Still good for everybody, especially the homeless guy.
There are many semi functional democracies where immunity from criminal prosecution plays a depressingly large role in the country’s politics. What’s next? A proposal to make Trump “Senator for Life?”
The problem with pardons is that you have to accept them. Accepting them means that you basically admit to whatever crime you are being pardoned for, and once you do that, you lose your 5th amendment right against self-incrimination. (Because you just freely incriminated yourself.) Basically, a person who has been pardoned can be compelled to spill the beans upon pain of contempt of court (or congress), and further imprisonment.
So I don’t think a pardon is forthcoming for Stone. Or Manafort, for that matter.
ETA: But I’m not a lawyer, and I could be all wrong about this.
In fact, the only way I can see anyone getting a pardon in this mess is if everyone gets one, including Trump, once President Pence is installed in office. That’s what happened with Nixon and pals after Ford took over.
(Actually, I could see Pence letting Trump swing in the wind. That would be very satisfying.)
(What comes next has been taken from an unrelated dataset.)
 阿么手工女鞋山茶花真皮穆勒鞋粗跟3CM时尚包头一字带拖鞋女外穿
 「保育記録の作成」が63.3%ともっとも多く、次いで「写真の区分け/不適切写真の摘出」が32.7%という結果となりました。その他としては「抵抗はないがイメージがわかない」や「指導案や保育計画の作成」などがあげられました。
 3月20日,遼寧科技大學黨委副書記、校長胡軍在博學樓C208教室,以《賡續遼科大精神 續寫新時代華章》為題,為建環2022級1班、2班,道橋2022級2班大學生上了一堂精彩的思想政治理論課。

For context, when a dying John McCain had the gall to break ranks with the GOP and vote against one of Trump’s attempts to kill the Affordable Care Act, Roger Stone gleefully pointed out that McCain would be dead soon and said he’d burn in hell for betraying his party. So it’s hard to blame Meghan for holding a grudge.
Let’s not forget that when McCain did this, it wasn’t out of any sort of ideological opposition to repealing the ACA, it was in protest of procedural issues. In the end he was just another conservative scumbag who happened to not like Trump, but voted with him nearly 100% of the time anyway.
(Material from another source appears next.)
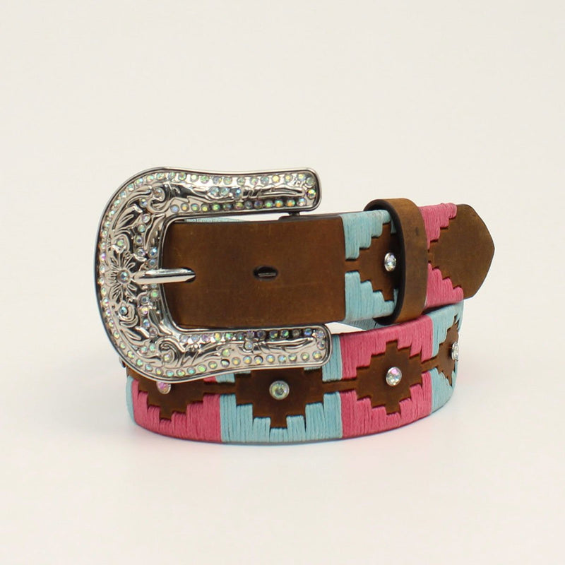 Your little one will look so cute and grownup in this Angel Ranch belt by M&F Western Products. Genuine leather, with pink and blue lacing in southwestern pattern and clear stones down the length of the belt.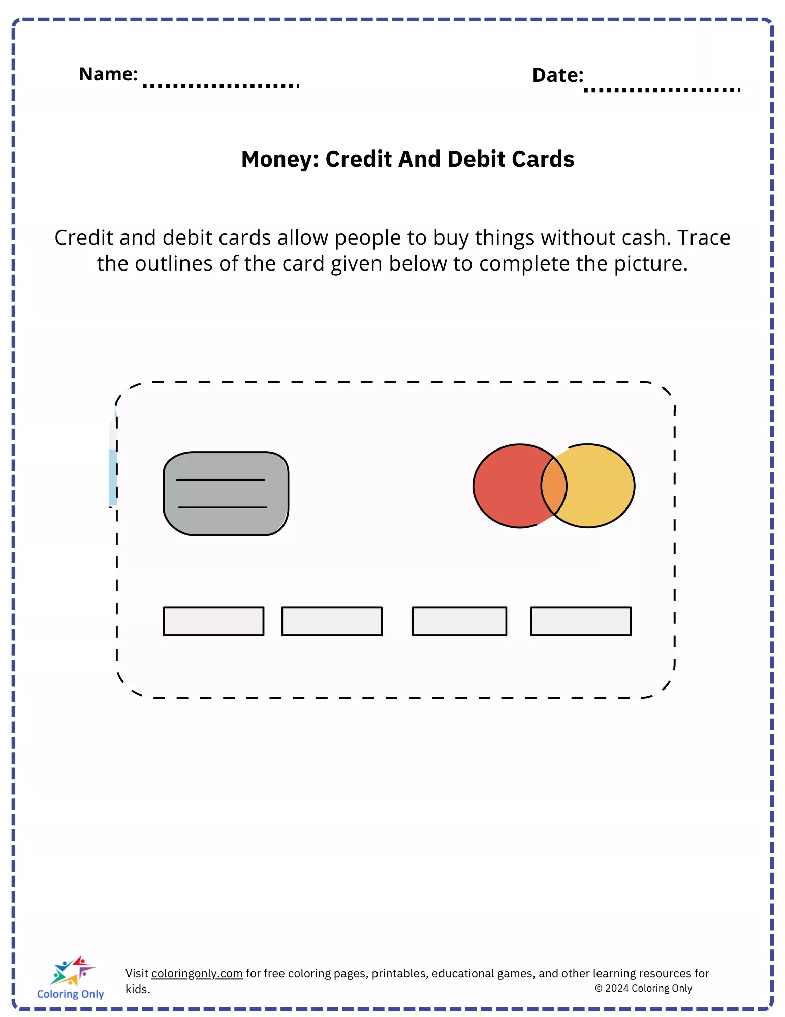 The Money: Credit And Debit Cards Free Printable Worksheet is a great way to introduce preschoolers to the concept of money and modern payment methods. In this activity, children will trace the outline of a credit or debit card to complete the picture. This Money: Credit And Debit Cards Free Printable Worksheet helps kids learn about how people can buy things without using cash, using cards instead. It’s a simple yet effective way to start teaching financial literacy from a young age, while also developing their tracing and motor skills.Preschool

I think it’s remotely possible that if, say, three congressional committees and NYS subpoenaed Stone immediately, and then enforced, say, $25k a day fines against him when he doesn’t show up that, maybe, just maybe, he’d provide some testimony against Trump. It would probably take Trump tweeting smack about Stone and, doh, it would take quick moving committees but there’s at least one timeline near ours where Stone babbles.
But that’s assuming that Trump listens to advice instead of acting impulsively. And even then that’s assuming there is anyone left who even tries to give Trump advice.
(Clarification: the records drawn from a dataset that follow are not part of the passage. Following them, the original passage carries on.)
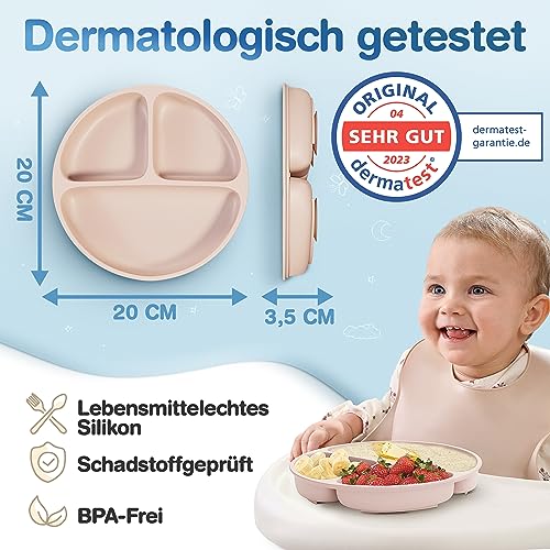 MUTKIND Piatto per bambini con ventosa - (dermatologicamente testato) piatto per bambini con ventosa - per neonati e bambini - 100% senza BPA - Piatto per bambini di qualità alimentare (3 pezzi)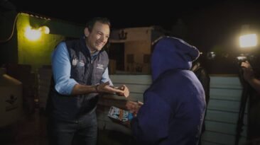 El alcalde Marco Bonilla y la presidenta del DIF Municipal, Karina Olivas, entregaron cenas navideñas en la colonia Tres Marías para compartir con las familias la...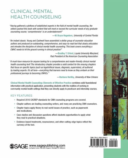 Referencing the 2016 CACREP standards, Clinical Mental Health Counseling: Elements of Effective Practice by editors J. Scott Young and Craig S. Cashwell combines solid foundational information with practical application for a realistic introduction to work in community mental health settings. Top experts in the field cover emerging models for clinical interventions as they explore cutting-edge approaches to CMH counseling. With case studies integrated throughout, students will be well prepared to move into practicum and internship courses as well as field-based settings.
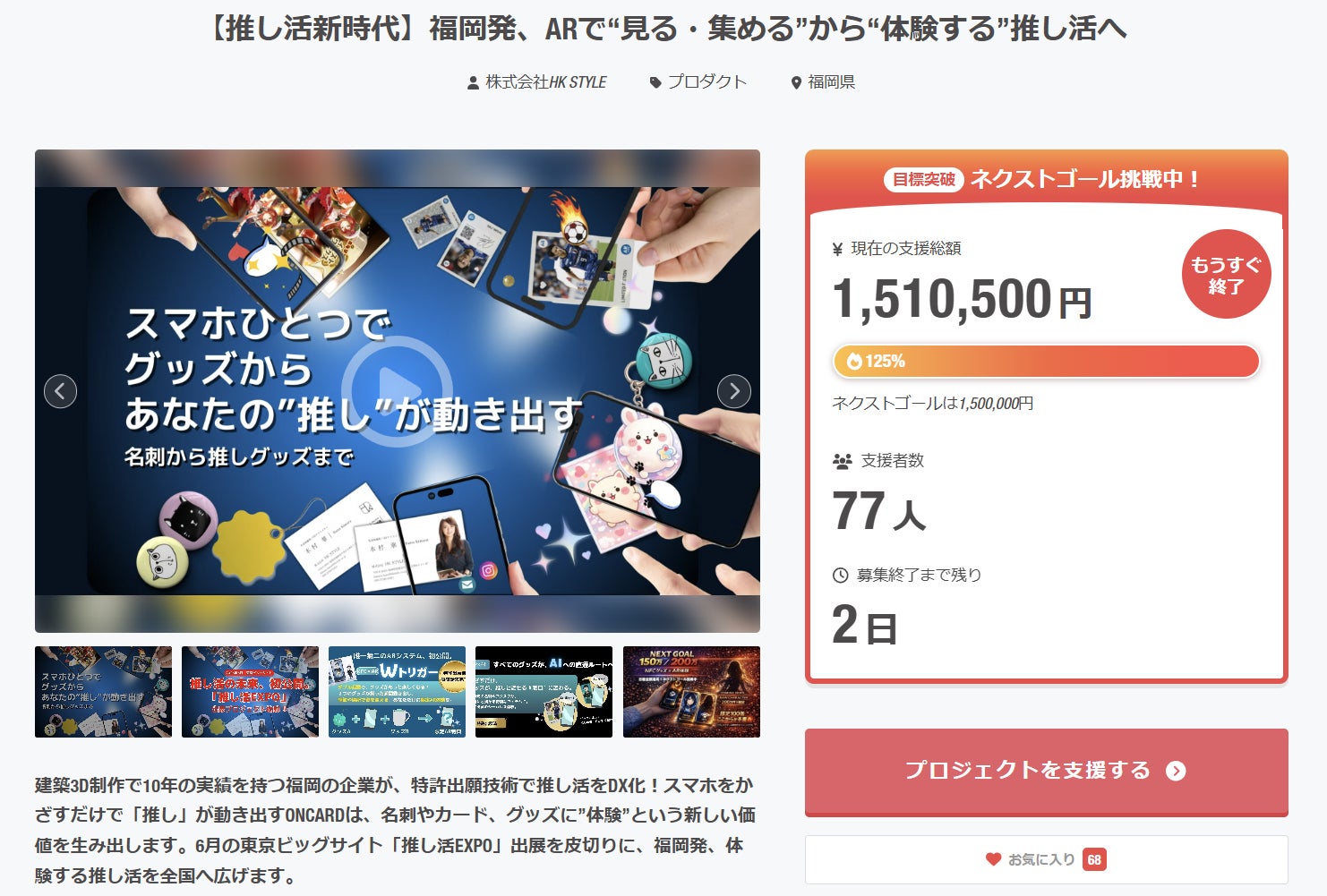 最後は高校の先輩がAR名刺にご支援くださり、

I don’t actually believe that people do things to protest procedural issues. Lifetime civil service bureaucrats might, but not elected politicians. When someone complains about procedure it’s a mask over some other problem. Whether it was egotism or preening or hatred of Trump or a personal beef with McConnell, McCain knew their life was ending and wanted that vote in their obituary. That tells me that McCain thought that ultimately they’d be judged as being the good guy for voting that way. There’s no way I can think about it where I don’t see McCain basically choosing to do the right thing there.
I’m not going to pull up a ledger and weigh McCain’s virtues and sins, I guess I just see it as the corollary to the goat-fucker rule (even if you fuck goats ironically, you’re still a goat-fucker): Even if you save millions of people out of egotism, you still saved millions of people. We just have to be thankful at least some of the time the best way to appear as if you are doing something right is to actually do something right.